Arrested Development

A Reporter's Personal Encounter With An Alleged Mutilation Killer

By Karen Brandel

IN A JANUARY 1995 story, The Weekly was first to identify former Tucson resident Lemuel Prion as the prime suspect in the mutilation/murder of 19-year-old Diana Vicari.

Her severed arms were found October 24, 1992, in a downtown dumpster. The rest of Vicari's body was never found.

Last week, a Pima County grand jury indicted Prion, charging he killed Vicari.

Currents After The Weekly identified him, Prion showed a great deal of interest in corresponding with the reporter who wrote the story. Eventually he was writing daily and trying to telephone weekly. His correspondence revealed a very different personality than what detectives had described.

In their interviews with him, Prion changed moods wildly, leading more than one investigator to speculate about a possible split personality or multiple personalities. But the more likely truth is that Prion is simply a master of manipulation.

For example, last year, his father stated Prion "acted crazy" because he wanted to be sent to Utah State Hospital rather than to prison. Indeed, a Utah judge eventually sentenced Prion to hospital treatment after he assaulted his father and was found to possess drug paraphernalia.

But the hospital was a bitter disappointment, Prion confided to a reporter, and he added he thought prison might be preferable, because at least he could work out with weights there.

Shortly after he made that statement, Prion's tantrums at the state hospital increased in frequency until hospital staff concluded they could no longer help him.
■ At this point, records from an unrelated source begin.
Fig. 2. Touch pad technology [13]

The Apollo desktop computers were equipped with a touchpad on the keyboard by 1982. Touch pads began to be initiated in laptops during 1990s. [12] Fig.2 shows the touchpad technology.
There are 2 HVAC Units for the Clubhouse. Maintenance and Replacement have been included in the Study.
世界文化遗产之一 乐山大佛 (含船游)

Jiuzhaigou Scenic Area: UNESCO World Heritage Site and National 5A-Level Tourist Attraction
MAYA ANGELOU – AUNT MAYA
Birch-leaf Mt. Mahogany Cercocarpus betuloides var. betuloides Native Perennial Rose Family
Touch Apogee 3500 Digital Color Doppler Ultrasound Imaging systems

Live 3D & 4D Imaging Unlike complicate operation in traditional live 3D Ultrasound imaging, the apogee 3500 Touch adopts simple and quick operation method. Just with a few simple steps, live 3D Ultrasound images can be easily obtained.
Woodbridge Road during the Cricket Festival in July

Authorities transferred him to the Vernal County (Utah) jail to await a judge's decision on whether to parole him to a halfway house, or force him to finish his sentence at Utah State Prison.
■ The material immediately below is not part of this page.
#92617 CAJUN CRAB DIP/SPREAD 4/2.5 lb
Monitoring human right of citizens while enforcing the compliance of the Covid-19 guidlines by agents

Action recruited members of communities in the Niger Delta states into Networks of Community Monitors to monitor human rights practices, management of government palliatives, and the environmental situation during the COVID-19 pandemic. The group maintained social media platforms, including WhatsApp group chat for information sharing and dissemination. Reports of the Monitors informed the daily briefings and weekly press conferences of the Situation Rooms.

While he was in the county jail, family members told Prion about The Weekly's story about him. The reporter had never asked Prion point-blank about Diana Vicari, However, he ended a telephone conversation by sobbing that he felt sorry for Diana, and mentioned that she was very pretty. He quickly added that he'd seen her picture in the newspaper. He never mentioned the fact that Tucson detectives had shown him her photo.
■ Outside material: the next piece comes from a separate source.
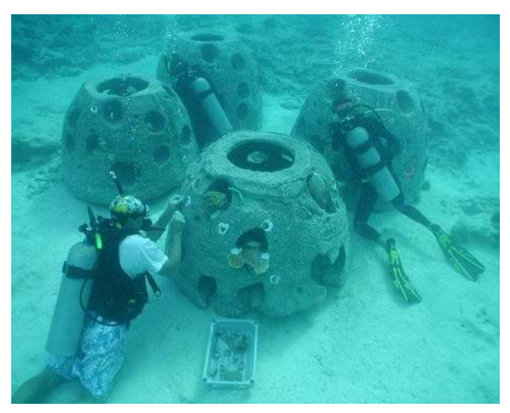
Figure 2. Reef Ball Foundation Volunteers planting Corals on Reef Ball Units.
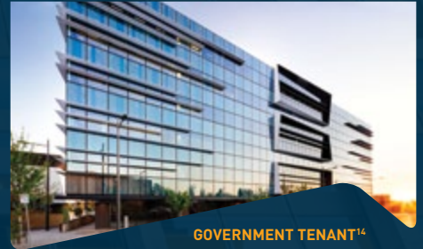
GOVERNMENT TENANT 14

On March 14 Prion was sent to Utah State Prison to finish his sentence; the judge also ordered that he remain on medications prescribed at the hospital. But before all the red tape of his transfer could be unraveled, Prion zeroed in on the prison physicians, complaining that he was on too much medicine. They conceded, eventually prescribing only the antidepressant Zoloft and an anti-inflammatory agent. The monotone quality of his voice soon lifted.

During this period, he wrote to the reporter about his self-destructive tendencies, blaming these mostly on his father. Amazingly, Prion even reasoned the brutal rapes he'd been convicted for in the past were actually self-destructive--because they got him into trouble. He never once mentioned the considerable pain and suffering he caused his victims.

Even as Prion confided to the reporter, he succeeded in getting others to confide in him. One prison staff member uneasily recalls realizing she'd not only revealed to Prion that she had a daughter, but even told him her general location. Feeling exploited by Prion is a common experience among those who've had any dealings with him.

He earned money working in the prison kitchen, and used it to enroll in courses at Utah State College. But, ultimately, prison life only seemed to foster Prion's self-absorption--especially his gymnastic workouts, which he approached with daunting intensity.

Never losing sight of why the reporter was interested in him, he wrote only about working on his arms and muscles; and he possessed much knowledge about these and related joints. He even joked in one letter that he might have to have his left arm amputated, and then commented that it was merely his warped sense of humor at work.

Prion never belied to the reporter any sense of shame or disgrace about The Weekly's description of his pathology. It was only when the reporter decided to end the correspondence that Prion hissed about betrayal--a crime, he claimed, that is worse than murder.

He tried to re-establish communication with the reporter in another phone call, promising to be the best friend one could have. "I'd kill for you," was his way of expressing the devotion of friendship.

When this didn't work, Prion quickly soured and made accusations, stopping just short of threat. He remained in control. The reporter was reminded of her first interview with him, in a cramped office at Utah State Hospital. She'd asked him how it came to be that he wound up where he was. He didn't hesitate at all when he answered that he believed it was fate.

His reply struck a chord. Later, he tried to call the reporter near the holidays, and even wrote a lengthy poem. Like trying to hit a tar baby, the more the reporter tried to extricate herself from him, the more bound to him she felt she'd become, partly because she could never forget the hideous details of what Prion told her, and partly because she's known all along that Utah can't hold him for long.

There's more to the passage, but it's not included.